> _TASK DESCRIPTION_: Beginning with the line that contains "Las cifras reflejan" and ending with the line that contains "وقع اتفاقية الشراكة", reproduce the lines of the entries below exactly, omitting pictures.

───── INFORMATION SHOWN ─────

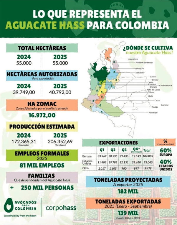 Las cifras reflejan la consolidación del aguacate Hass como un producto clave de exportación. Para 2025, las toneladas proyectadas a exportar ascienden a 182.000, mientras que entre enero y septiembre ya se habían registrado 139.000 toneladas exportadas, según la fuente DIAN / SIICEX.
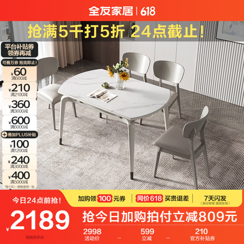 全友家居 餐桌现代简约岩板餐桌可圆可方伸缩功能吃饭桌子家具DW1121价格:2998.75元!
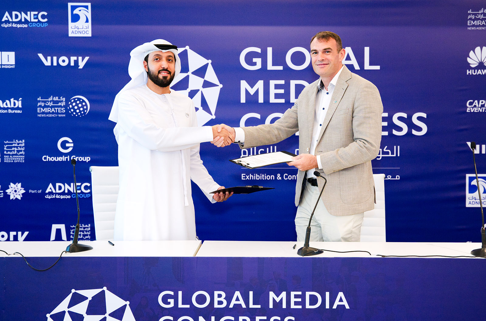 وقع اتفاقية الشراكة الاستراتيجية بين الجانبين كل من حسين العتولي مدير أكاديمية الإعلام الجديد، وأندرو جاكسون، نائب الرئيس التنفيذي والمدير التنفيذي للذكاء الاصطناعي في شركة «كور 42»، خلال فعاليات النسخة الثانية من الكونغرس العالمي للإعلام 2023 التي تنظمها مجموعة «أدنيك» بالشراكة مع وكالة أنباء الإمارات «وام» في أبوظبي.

─────
───── INFORMATION SHOWN ─────

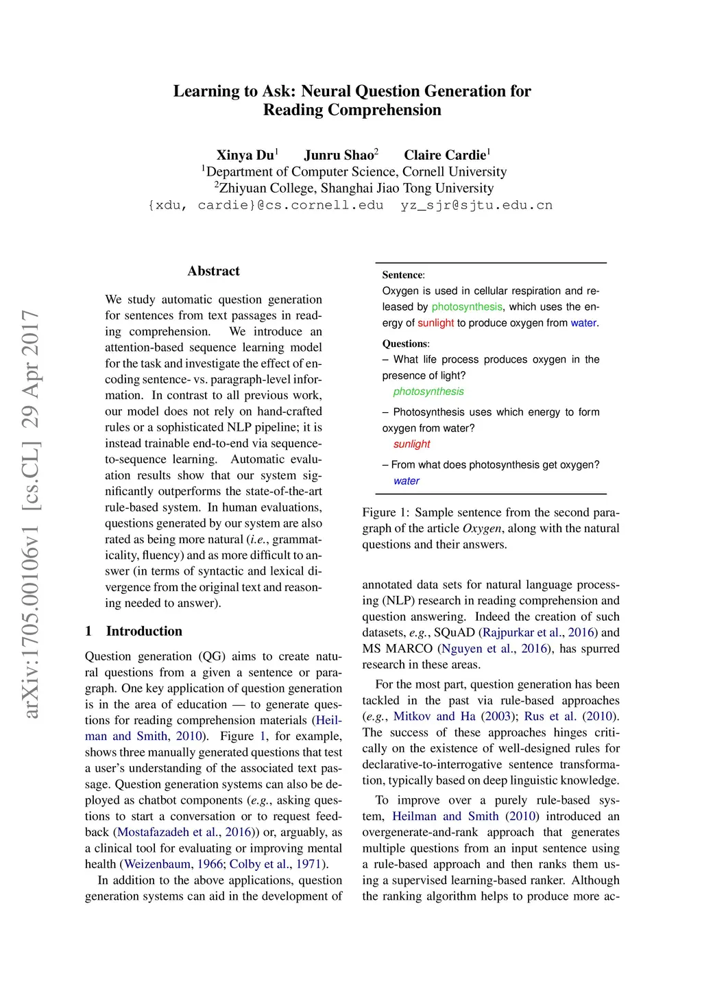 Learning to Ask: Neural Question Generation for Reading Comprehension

─────

> _RESULT FOR THIS EXERCISE_:
 Las cifras reflejan la consolidación del aguacate Hass como un producto clave de exportación. Para 2025, las toneladas proyectadas a exportar ascienden a 182.000, mientras que entre enero y septiembre ya se habían registrado 139.000 toneladas exportadas, según la fuente DIAN / SIICEX.
 全友家居 餐桌现代简约岩板餐桌可圆可方伸缩功能吃饭桌子家具DW1121价格:2998.75元!
 وقع اتفاقية الشراكة الاستراتيجية بين الجانبين كل من حسين العتولي مدير أكاديمية الإعلام الجديد، وأندرو جاكسون، نائب الرئيس التنفيذي والمدير التنفيذي للذكاء الاصطناعي في شركة «كور 42»، خلال فعاليات النسخة الثانية من الكونغرس العالمي للإعلام 2023 التي تنظمها مجموعة «أدنيك» بالشراكة مع وكالة أنباء الإمارات «وام» في أبوظبي.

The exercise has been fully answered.